Personally, I thought that I handled the reading and assignments better than I have in the
past. There is always room for improvement and I believe we should always strive for self-
improvement up until our time on earth ends. The thing I lacked in the most in this class was my
performance during the group talks and presentations. I often struggle in synthesizing
information in real time and communicating it in a public speaking setting. This is an important
skill to have in the future and is not to be overlooked. I believe that I could improve upon this by
simply preparing for these activities more as well as changing the way I think about them. A lot
of times I make myself nervous by overthinking the simple process of communication and see
public speaking as just something I have to get through. However, through more practice and
planning I will see that it isn’t as bad as my mind makes it and seeing it as an opportunity to
share my thoughts and ideas will improve my performance.
I could not find any ways to significantly improve the ways we can learn in class. The
course provided all of the necessary resources and structure to support a student to learn
efficiently. I have seen Dr. Tredick tweak her class structure since my first class with her
(Ecological Principles) to my last one (Mammalogy) and have seen significant improvement
through each one. I especially like how she has taken student feedback into consideration and has
changed some course dynamics because of it. The only thing I may be able to add is that it would
be very cool if there was some way to bring in mammals in class or take a trip to a zoo to see
these teachings in person and in real time. I understand there may be class/university limitations
but the idea of it is interesting.
The portfolio was important because it provided us with the freedom to personally seek
more knowledge about fields of study we learned from through the class structure. The portfolio
gave me the opportunity to pursue questions I had about certain species and allowed me to
quench the thirst I had developed after learning about especially interesting fields. Giving the
student the power to choose where he steers his education is extremely engaging to the mind and
makes learning easier. This freedom allowed me to connect the dots between the different areas
of study we learned and synthesize them into a cohesive and straight to report. These portfolios
forced me to familiarize myself with the process of initial research, brainstorming on how to tie
ideas together, and synthesizing/transferring this connected knowledge into a cohesive report.
The fact that we had to do this multiple times during the semester made me improve my methods
every time and I noticed an improvement in data absorption.
The only thing I believe needed to be tweaked was how the species profiles were set up.

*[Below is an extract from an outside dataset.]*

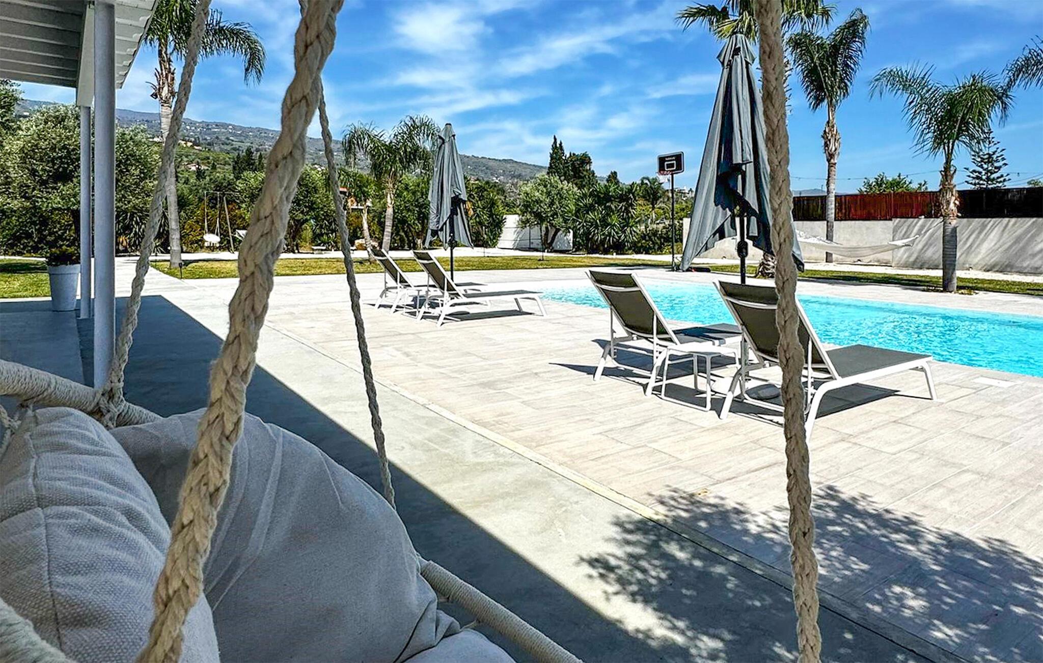 På terrassen, hvor I kan skimte Middelhavet glitre i horisonten, venter en forfriskende pool. Slap også af i hængekøjen og nyd udsigten til det omkringliggende bjerglandskab.

The high volume of species made the process of researching species a bit autonomous and
personally caused me to lose interest in species since there was so many to do. I think it could
beneficial if we reduce the amount of species we have to research (possibly reduce it to 2 species
per order) and increase the amount we have write about each species. This will reduce the
amount of species we look at but will allow the student have a more in depth exposure to each
order and associated species. Hopefully, this will break up the autonomous nature that sometimes
came when doing the species profile. Overall I thought this course was excellent and am deeply
saddened that this will be the last course with Dr. Tredick. A professor that has had one of the
largest positive influences of my college career.